* Work request
Exact repetition of a range: find the line containing "鯽魚、白條、小龍蝦都已就位,燒烤露營還能" and the line containing "Tvis vs. sheet" in the material below, then repeat both and all lines between them, leaving pictures out.

++++ Given data

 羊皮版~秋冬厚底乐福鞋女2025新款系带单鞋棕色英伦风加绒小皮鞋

++++++++
++++ Given data

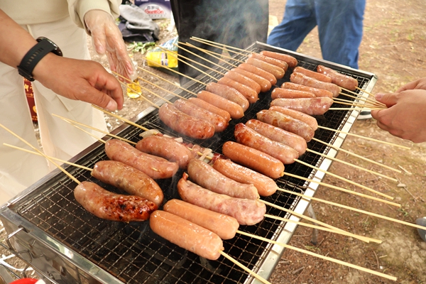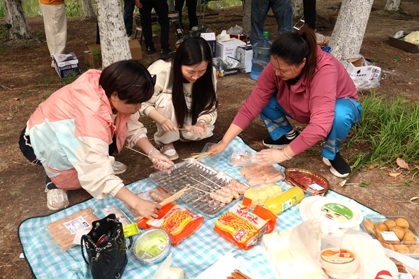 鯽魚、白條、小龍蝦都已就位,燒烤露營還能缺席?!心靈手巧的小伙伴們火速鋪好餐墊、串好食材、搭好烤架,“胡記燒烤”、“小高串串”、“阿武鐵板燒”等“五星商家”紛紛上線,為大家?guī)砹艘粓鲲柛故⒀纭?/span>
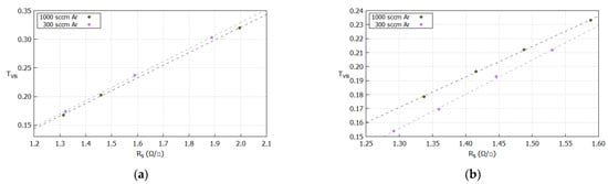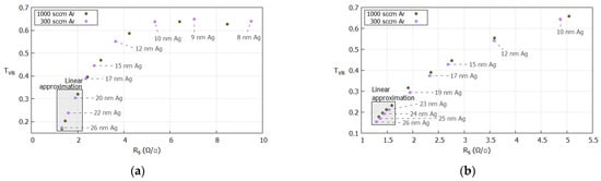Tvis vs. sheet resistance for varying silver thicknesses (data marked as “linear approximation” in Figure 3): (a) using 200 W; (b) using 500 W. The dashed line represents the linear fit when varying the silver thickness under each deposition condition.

++++++++
++++ Given data

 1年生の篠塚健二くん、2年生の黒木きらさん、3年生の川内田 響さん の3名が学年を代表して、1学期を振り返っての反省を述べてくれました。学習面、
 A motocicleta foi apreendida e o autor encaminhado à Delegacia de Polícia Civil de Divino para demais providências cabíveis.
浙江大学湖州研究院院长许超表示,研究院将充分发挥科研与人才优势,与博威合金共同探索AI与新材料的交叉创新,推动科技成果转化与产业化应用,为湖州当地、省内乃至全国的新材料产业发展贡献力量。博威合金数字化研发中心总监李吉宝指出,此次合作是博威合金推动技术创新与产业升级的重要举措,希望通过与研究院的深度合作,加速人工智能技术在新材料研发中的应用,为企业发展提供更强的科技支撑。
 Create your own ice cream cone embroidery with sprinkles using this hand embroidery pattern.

++++++++

* Answer box
 鯽魚、白條、小龍蝦都已就位,燒烤露營還能缺席?!心靈手巧的小伙伴們火速鋪好餐墊、串好食材、搭好烤架,“胡記燒烤”、“小高串串”、“阿武鐵板燒”等“五星商家”紛紛上線,為大家?guī)砹艘粓鲲柛故⒀纭?/span>
Tvis vs. sheet resistance for varying silver thicknesses (data marked as “linear approximation” in Figure 3): (a) using 200 W; (b) using 500 W. The dashed line represents the linear fit when varying the silver thickness under each deposition condition.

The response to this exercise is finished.